Ce rappel historique est important afin de ne pas tomber dans le piège de la culpabilisation, même si les tribunaux devaient finalement mettre la hache dans la loi 21 sur la laïcité. Or, il n’est pas nécessaire d’être constitutionnaliste pour savoir que la Charte canadienne des droits et libertés constitue un terrain particulièrement hostile à la conception de la laïcité, telle que défendue par la Loi sur la laïcité de l’État. S’il est possible que la clause dérogatoire prévue à l’article 32 de la Charte passe le test des tribunaux, il faut dire cependant que rien n’est moins sûr. Même en insérant une clause dérogatoire dans la loi sur la laïcité, celle-ci demeure vulnérable face aux recours devant les tribunaux pour en contester la validité. Comme la question de la laïcité est devenue un enjeu de société fondamental pour la majorité des citoyens québécois, le problème de la légitimité de la loi sur la laïcité demeurera.
La question de la légitimité relève de l’interprétation des tribunaux, mais sa source trouve son origine dans la volonté du peuple souverain, et donc est de la compétence de l’Assemblée nationale du Québec. Comme le rapatriement de la constitution en 1982 s’est fait sans même l’accord des représentants du peuple québécois, les décisions des tribunaux relativement à la loi 21, sur la question de la laïcité de l’État québécois, déborderont la sphère juridique. La question de la laïcité sera un enjeu politique, ou ne sera pas.
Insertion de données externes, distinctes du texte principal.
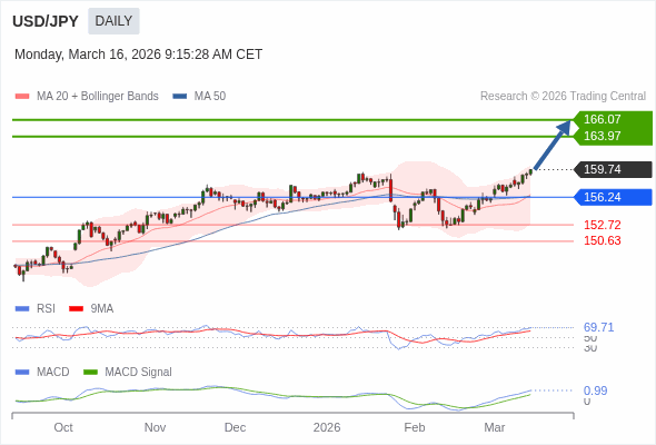 美元/日元 短线 : 看涨,当 156.24 为支撑位。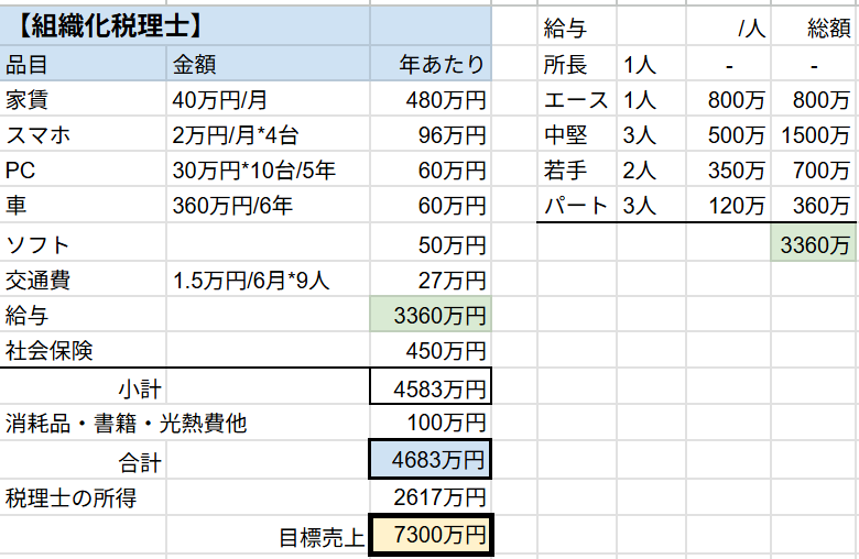 この場合は、年間コストが4683万円なので税理士の所得を加味して目標売上は7300万円としてみました。給与の内訳は右側に記載しています。

Pour la première fois depuis le référendum de 1995, le peuple québécois a posé un geste important d’affirmation nationale en choisissant de définir lui-même la nature de l’État du Québec. Le gouvernement de la CAQ, dirigé par François Legault, a fait acte de courage et de vision. Par-delà les clivages politiques de gauche et de droite, les citoyennes et citoyens du Québec, qui s’identifient d’abord comme membres de la nation québécoise, doivent soutenir leur gouvernement. Car ce n’est que le début d’une âpre lutte pour l’établissement d’un État laïque en Amérique du Nord. Les tenants du multiculturalisme canadien veulent réduire au rang de minorité ethnique la nation québécoise. La loi sur la laïcité, de par sa nature même, constitue un rempart contre le multiculturalisme, et comme telle, sera l’objet de toutes les attaques juridiques, idéologiques et politiques. En fin de compte, la laïcité de l’État du Québec ne sera effective et durable que si, par-delà les aléas des contestations judiciaires, une réponse politique est trouvée. Sinon, la laïcité n’aura été qu’un mirage, précédant la dissolution de la nation québécoise dans le Canada « postnational ».